MATERIAL PROVIDED:
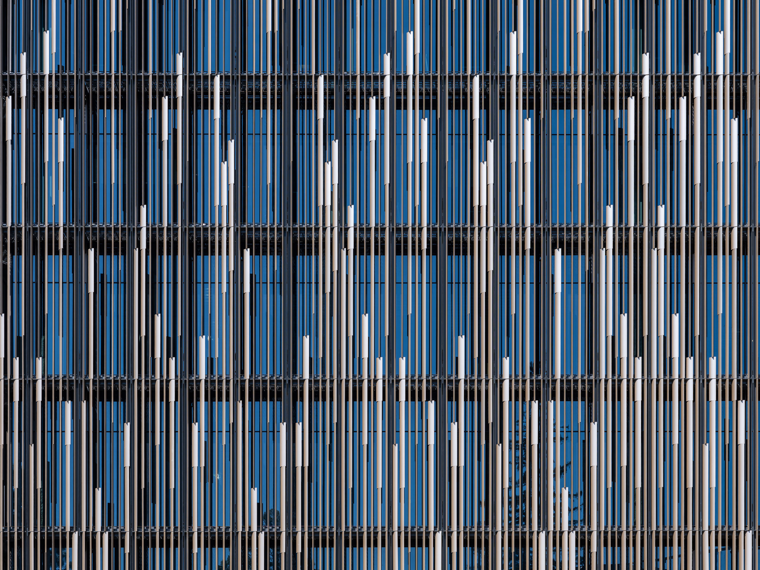 접근하면 이 읽기가 바뀐다. 겉으로는 단단해 보이는 볼륨은 사실 연속적으로 배치된 세로 알루미늄 루버의 층으로 뒤싸여 있어, 커튼월 앞에 위치한다. 처음에는 불투명해 보이는 것이 점차 깊이와 간격을 드러낸다. 이 루버 핀은 태양 차단 표적을 정확히 맞추도록 각도가 맞춰져 있어, 파사드를 투명한 유리 코너와 대조되는 연출적 스크린으로 바꾼다.
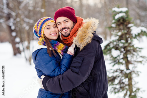 Photo of cheerful young man charming lady hugging toothy smile look camera spend weekend forest outdoors
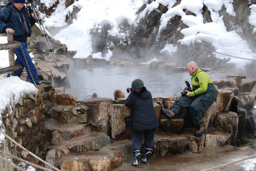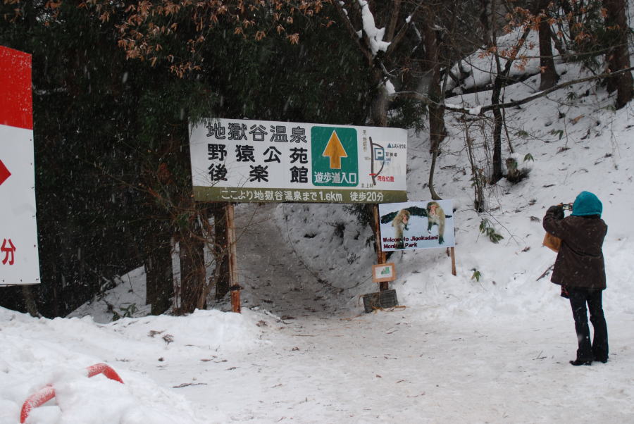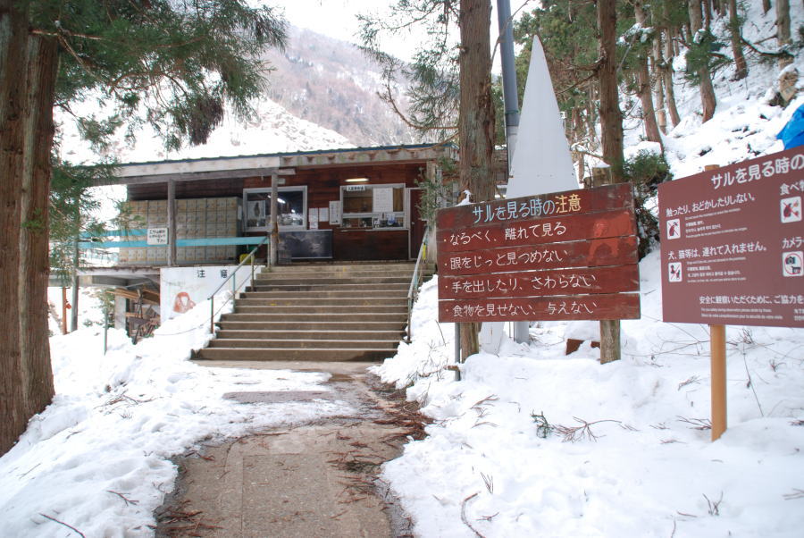 長野県上林地獄谷温泉には、冬の寒い時には露天風呂に入る野生の猿たちがいる。餌付けはされているが、自然のままの状態が見られる。実は野生の猿が湯に浸かるのは珍しいそうで、アメリカの雑誌、ライフの表紙を飾ったこともあるとか。その所為かどうか外国人が多く見物に訪れる。この野猿公園では、全く人間を恐れないので すぐ近くで写真を撮っていても無心で餌を食べている。子猿もです。そんな様子を2回に分けて、アップします。野猿公苑まではここから約30分歩く。雪がある時は車では行かれない。野猿公苑に一番近い宿。私たちはここに泊まった。宿、玄関の屋根には大きなツララ。下を歩くときはちょっと急ぎ足になる。!(^^)!宿の玄関を入ったところ。ストーブが点けてあってお客の靴などを乾かしてある。二階に上がる階段も相当古く、歴史を感じる宿。木造5階建てだそうです。この宿の裏にある露天風呂。男女混浴の表示が......この写真には猿の一団が写っていて、一匹が入浴している。夜になると宿の温水を通すパイプで暖を取る猿君。この日は外国人も同宿していた。オランダから来たとか!女性用の露天風呂。誰も入って無かったのでこっそりシャッターを......実は同行の女性が誘導してくれたので撮れた。(*^^)v

DIRECTIONS: From the material above, print everything exactly except the pictures.

ANSWER TO THIS PROBLEM:
 접근하면 이 읽기가 바뀐다. 겉으로는 단단해 보이는 볼륨은 사실 연속적으로 배치된 세로 알루미늄 루버의 층으로 뒤싸여 있어, 커튼월 앞에 위치한다. 처음에는 불투명해 보이는 것이 점차 깊이와 간격을 드러낸다. 이 루버 핀은 태양 차단 표적을 정확히 맞추도록 각도가 맞춰져 있어, 파사드를 투명한 유리 코너와 대조되는 연출적 스크린으로 바꾼다.
 Photo of cheerful young man charming lady hugging toothy smile look camera spend weekend forest outdoors
 長野県上林地獄谷温泉には、冬の寒い時には露天風呂に入る野生の猿たちがいる。餌付けはされているが、自然のままの状態が見られる。実は野生の猿が湯に浸かるのは珍しいそうで、アメリカの雑誌、ライフの表紙を飾ったこともあるとか。その所為かどうか外国人が多く見物に訪れる。この野猿公園では、全く人間を恐れないので すぐ近くで写真を撮っていても無心で餌を食べている。子猿もです。そんな様子を2回に分けて、アップします。野猿公苑まではここから約30分歩く。雪がある時は車では行かれない。野猿公苑に一番近い宿。私たちはここに泊まった。宿、玄関の屋根には大きなツララ。下を歩くときはちょっと急ぎ足になる。!(^^)!宿の玄関を入ったところ。ストーブが点けてあってお客の靴などを乾かしてある。二階に上がる階段も相当古く、歴史を感じる宿。木造5階建てだそうです。この宿の裏にある露天風呂。男女混浴の表示が......この写真には猿の一団が写っていて、一匹が入浴している。夜になると宿の温水を通すパイプで暖を取る猿君。この日は外国人も同宿していた。オランダから来たとか!女性用の露天風呂。誰も入って無かったのでこっそりシャッターを......実は同行の女性が誘導してくれたので撮れた。(*^^)v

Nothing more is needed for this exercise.